The amended SB 218 — page 57, line 4 — repeals Section 1-22-3.1, stripping municipalities like Rio Rancho of their right to run independent elections. That’s no small loss; it’s a gut punch to local control. The secretary says it’s about saving resources for six holdout towns, but Sen. Jay Block pressed her: Which ones asked for this? She couldn’t name them. Meanwhile, the bill’s vague wording — Section 1-2-2.1 — lets her “establish uniform procedures” with little oversight, sidelining county and city clerks who know their turf. At the hearing, the Clerks Association, a bipartisan group, unanimously opposed SB 218. Their plea? Ignored.

Sen. Block grilled her on election security, citing Sandoval County’s machine snafus — wrong CF cards, botched uploads. Her fix? More training she can’t enforce. Clerks begged to speak, but Duhigg cut them off, gavel down: “You didn’t sign up an hour before.” Mayors Greg Hull, Jack Torres and Lynn Crawford showed up to fight for their towns — same story. Shut out.

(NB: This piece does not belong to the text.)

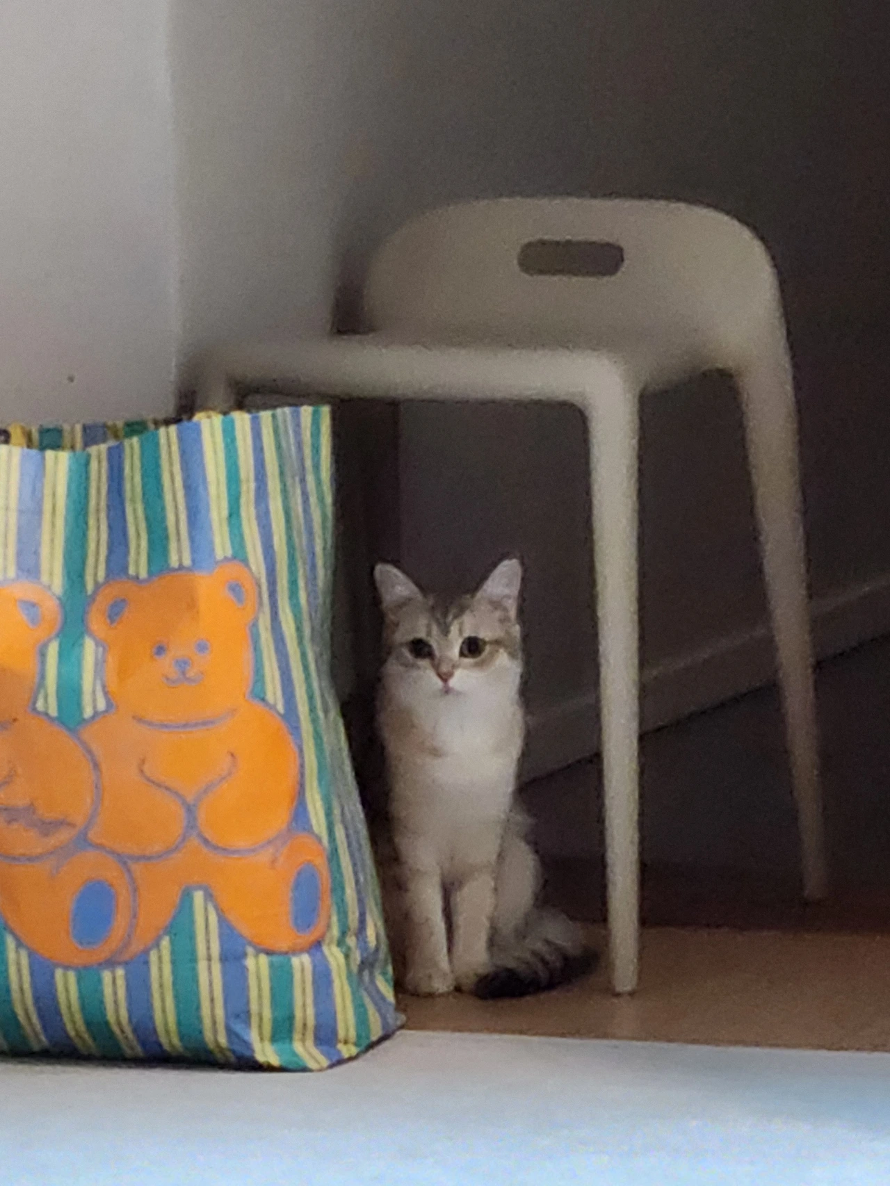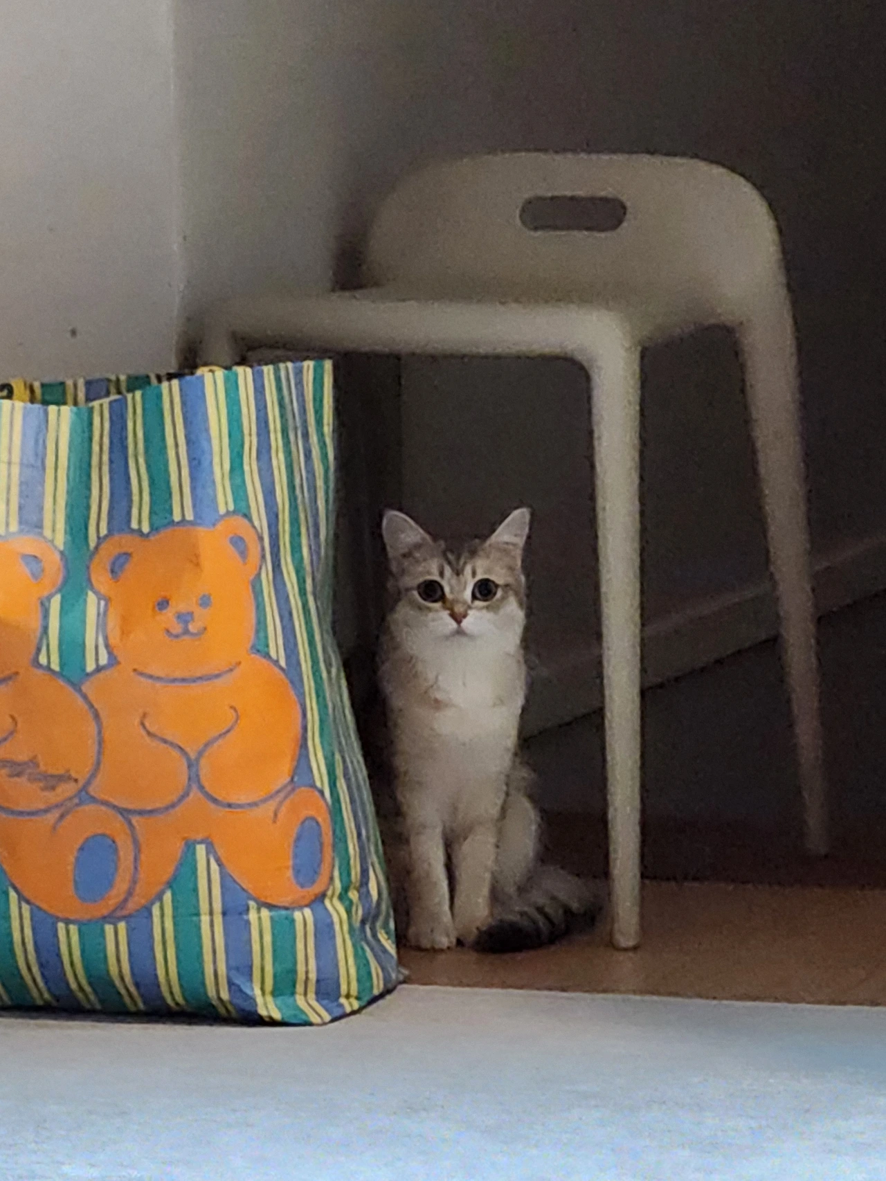 이제 묘생 9개월 차에 접어둔 루루는 십대 연년생 남매의 밤을 지킨다. 둘째의 약한 기관지를 염려하는 마음에 침실 문을 닫아두니, 잘 밤에 아이들이 꿈나라로 가고 나면 굳게 닫힌 방문 앞에 서 문과 문틀 사이에 머리를 박고 야옹, 야-아옹 루루가 운다. 눈앞에 성인 집사 둘이 있는데도 애들 방문 앞에 망부석이 되어 있는 루루.루루는 애들이 더 좋은가 봐,,,,, 살짝 밀려오는 섭섭한 마음과 함께 스윽 문을 열어준다. 그러면 밤사이 루루는 잠든 아이 집사들의 곁을 지키다가 나와서 놀곤 하는 루루. 2층 침대를 오르내리고, 가끔은 집사의 머리맡에 쥐돌이 인형이나 머리끈을 물어다 두기도 하면서밤을 보낸다.

This isn’t modernization; it’s centralization with a smile. The secretary’s team boasts we’re tops in election administration, but Block’s right: If clerks can’t follow state law — three elections he wouldn’t certify — why trust Santa Fe with more? SB 218 risks errors, distrust and a rural vote left in the cold. It will remove the right of Rio Rancho to require voter ID. Stop it before it kills what keeps our elections ours.